Car c’est de ça dont il est question ce soir : le code du travail, dont une nouvelle mouture est entrée en application, ironie de l’histoire, le 1er mai 2008. Le résultat d’une longue lutte menée depuis dix ans par le Medef, suite à la mise en place des 35 heures. « Quand Jean Gandois démissionne de la tête du CNPF, il affirme qu’il faut des tueurs. Ces tueurs, ce sont Denis Kessler et Ernest-Antoine Séllière. Leur objectif ? Démolir le code du travail, et remplacer la loi par le contrat, un contrat de gré à gré de type commercial entre l’employeur et le salarié. Ils veulent tirer un trait sur la durée légale, les prud’hommes, les cotisations sociales et les droits syndicaux ».

Laurence Parisot, présidente du Medef, n’a-t-elle pas eu cette phrase désormais célèbre : « l’amour, la vie, la santé sont précaires. Pourquoi le travail ne le serait-il pas ? » Une interrogation à ce point ahurissante que Gérard Filoche en a fait le titre d’un livre. « Depuis l’aube de l’humanité, l’espèce humaine lutte contre la précarité : on est passé de la cueillette à l’agriculture, puis de la chasse à l’élevage, en allant toujours vers plus de sécurité, plus de confort. Quand Parisot dit qu’il faut accepter la précarité comme une composante normale de la vie, ce n’est rien d’autre qu’un retour à la barbarie, un contresens historique total ! »

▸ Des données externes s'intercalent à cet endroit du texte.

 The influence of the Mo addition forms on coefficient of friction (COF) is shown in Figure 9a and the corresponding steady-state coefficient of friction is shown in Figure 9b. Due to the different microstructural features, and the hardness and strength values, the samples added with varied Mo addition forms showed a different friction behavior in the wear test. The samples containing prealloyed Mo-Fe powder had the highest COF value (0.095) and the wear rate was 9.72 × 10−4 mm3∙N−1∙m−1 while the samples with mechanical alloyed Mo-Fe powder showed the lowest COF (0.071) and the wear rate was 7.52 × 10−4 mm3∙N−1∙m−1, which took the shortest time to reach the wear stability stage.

De la loi Fillon du 4 mai 2004, qui sape l’édifice législatif en donnant la priorité à l’accord d’entreprise sur l’accord de branche, aux lois sur les syndicats dits représentatifs, qui, comme avant la Révolution, instaure un décompte par ordre et pas par tête [1], tout est fait pour démanteler pièce par pièce le code du travail.

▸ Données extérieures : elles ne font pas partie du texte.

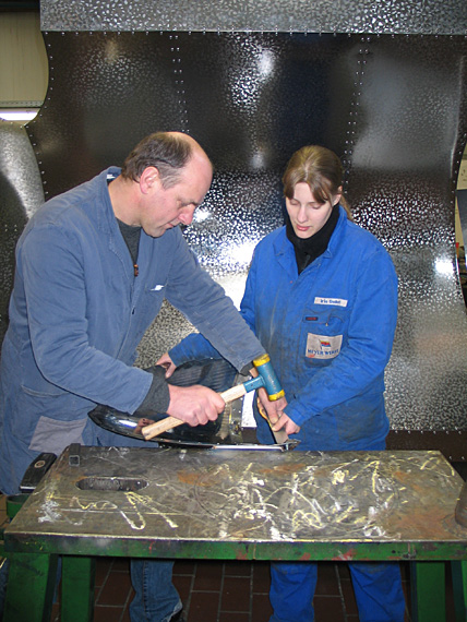 | Gerd Niklewski zeigt Iris Dalloff das Bördeln. |
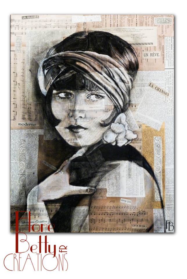 Portrait de Louise Brooks sur coupures papier de revues musicales et journaux des années 1920. Fusain, craie et acrylique sur papier journal. Née au Kansas en 1906, Mary Louise Brooks est une actrice de cinéma connue pour ses rôles dans les films muets des années 20 aux Etats-Unis. De ses cheveux d'un noir d'ébène, à la coupe si singulière, naîtra la mode "garçonne". Après un passage dans une compagnie de danse moderne, elle intègrera en 1925 les Ziegfeld Follies (l'équivalent new-
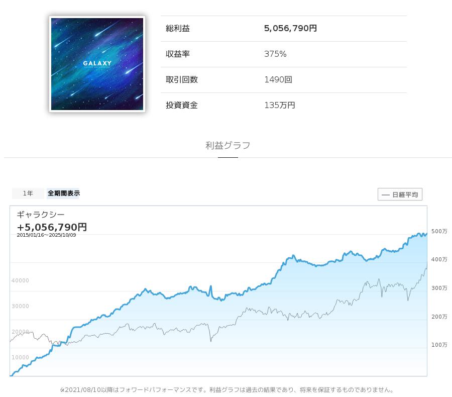 今回の売買シグナルを配信した株価予想ロボ(ストラテジー)の「ギャラクシー」は、
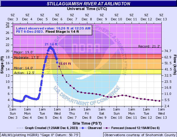The Stillaguamish River reached a record high of 21.34 feet / 6.50 metres at Arlington on 05 December, beating the previous high of 21.16 feet / 6.44 metres reached in 2010.
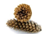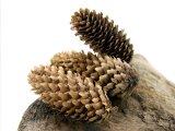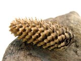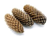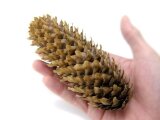 枝から垂れ下がってつく円柱形の球果(松ぼっくり)は、世界のトウヒ属の中ではもっとも大きく、長さ10〜20cm、径3〜6cmほどもあります。高いところに生りますが、たわわに実っていてよく目立ちます。松ぼっくりの中でも、独特の形状をしていて、上から見るとダリアの花のようにも見えます。その存在感のある松かさは色、形ともに美しく、リース素材としてだけではもったいないほど、インテリアやショップディスプレイにむいている素材です。

« Ce texte vivant, qui protégeait les salariés, est passé à l’acide des exigences du Medef ». On remplace ainsi les lois qui régissent le code en décrets (sans aucun débat parlementaire). On enlève la durée du travail du chapitre conditions de travail et on la met dans celui concernant les salaires. Les apprentis ne sont plus considérés comme des salariés et se retrouvent dans la partie formation professionnelle, les dockers dépendent désormais du code des affaires maritimes et les mineurs du code minier...

A propos des 35 heures, attaquées comme jamais ces temps-ci et accusées de tous les maux, Gérard Filoche rappelle : « Il y a un lien évident et historique entre la réduction du temps de travail et le code du travail, de la journée de huit heures aux 35 heures. Et les 35 heures, c’est la durée légale du travail. Ce n’est pas la durée réelle, ni la durée maximale. » Cette dernière est fixée à 48 heures, tout ce qui est entre devant être payé en heures supplémentaires majorées.

Or, là aussi, le nouveau code déplace les responsabilités : au lieu de l’employeur, c’est le salarié qui a des obligations, comme par exemple dans le port des tenues de sécurité. En cas d’accident sur un chantier, la responsabilité de l’employeur ne sera plus engagée. Une disposition, on s’en doute, qui a beaucoup plu au Medef, le véritable inspirateur de la réforme.

[1Ainsi, les médias parlent d’un accord signé par « 4 syndicats sur 5 », alors même que 3 autres — UNSA, Sud et la FSU — ne sont pas pris en compte, et que le plus souvent, la CGT n’a pas signé. Ce qui veut dire qu’un accord signé dans ces conditions peut l’être au nom d’une petite minorité de salariés, mais ce n’est jamais expliqué clairement.